Source material →

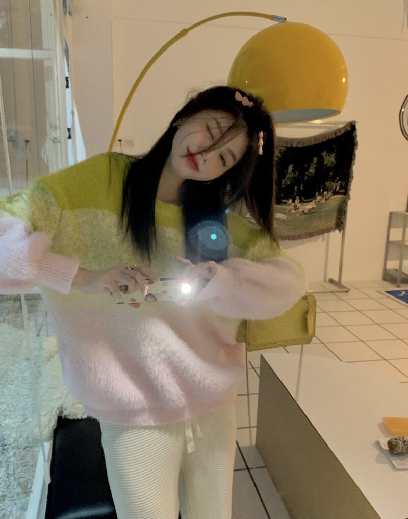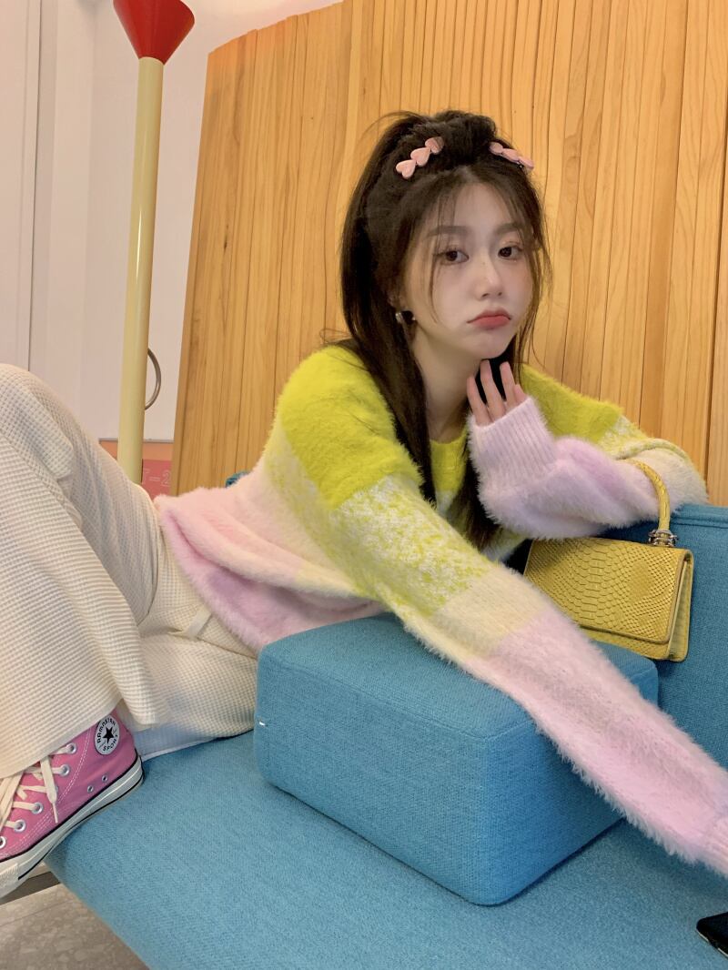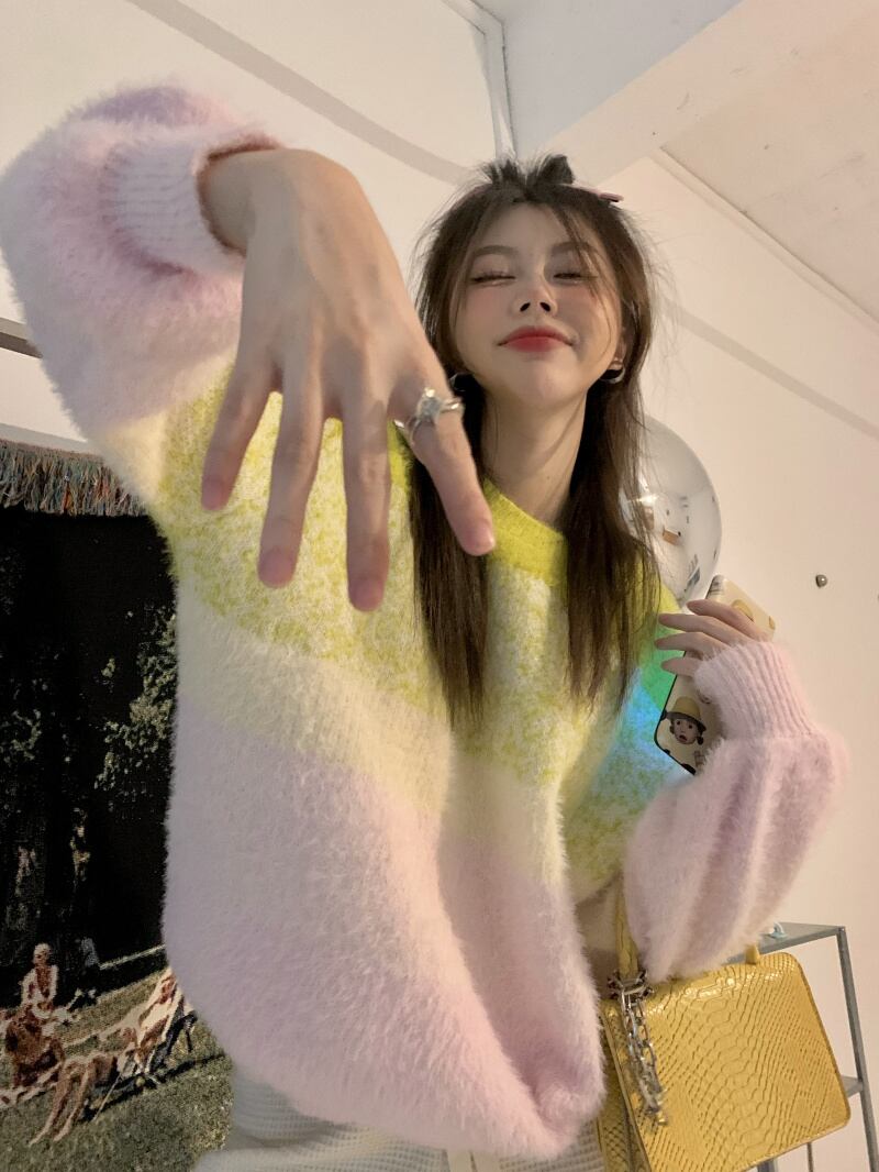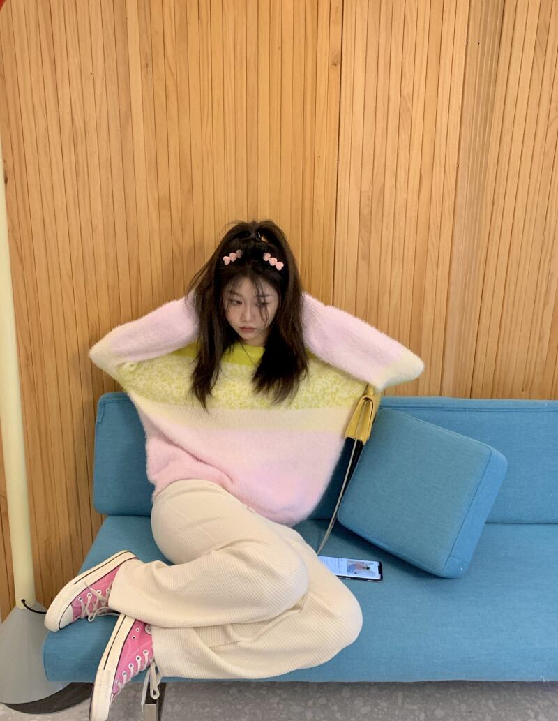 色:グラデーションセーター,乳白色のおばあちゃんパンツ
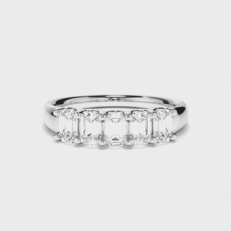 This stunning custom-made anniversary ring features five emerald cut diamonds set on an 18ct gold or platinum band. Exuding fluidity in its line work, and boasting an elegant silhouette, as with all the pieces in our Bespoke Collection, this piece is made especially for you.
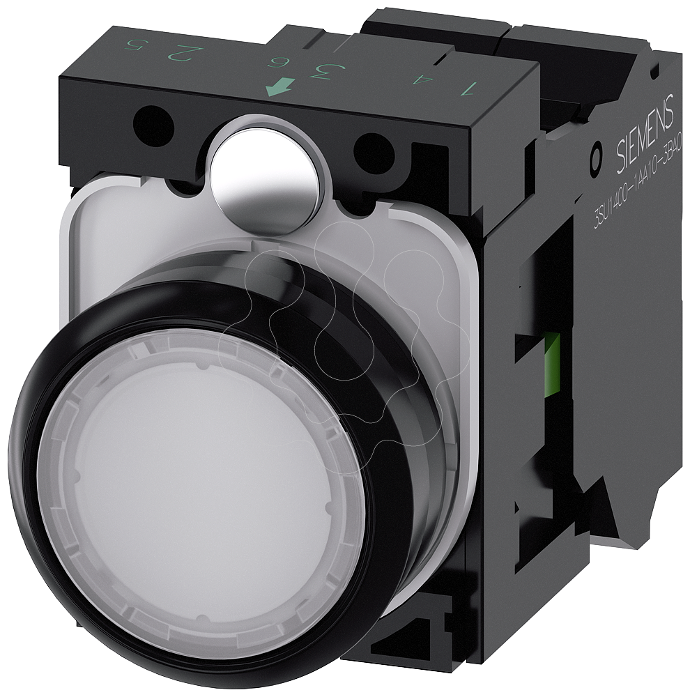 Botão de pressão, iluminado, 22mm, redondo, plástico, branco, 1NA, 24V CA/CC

Try it → Set the material above down again word for word. Include none of its pictures.

Reply →
 色:グラデーションセーター,乳白色のおばあちゃんパンツ
 This stunning custom-made anniversary ring features five emerald cut diamonds set on an 18ct gold or platinum band. Exuding fluidity in its line work, and boasting an elegant silhouette, as with all the pieces in our Bespoke Collection, this piece is made especially for you.
 Botão de pressão, iluminado, 22mm, redondo, plástico, branco, 1NA, 24V CA/CC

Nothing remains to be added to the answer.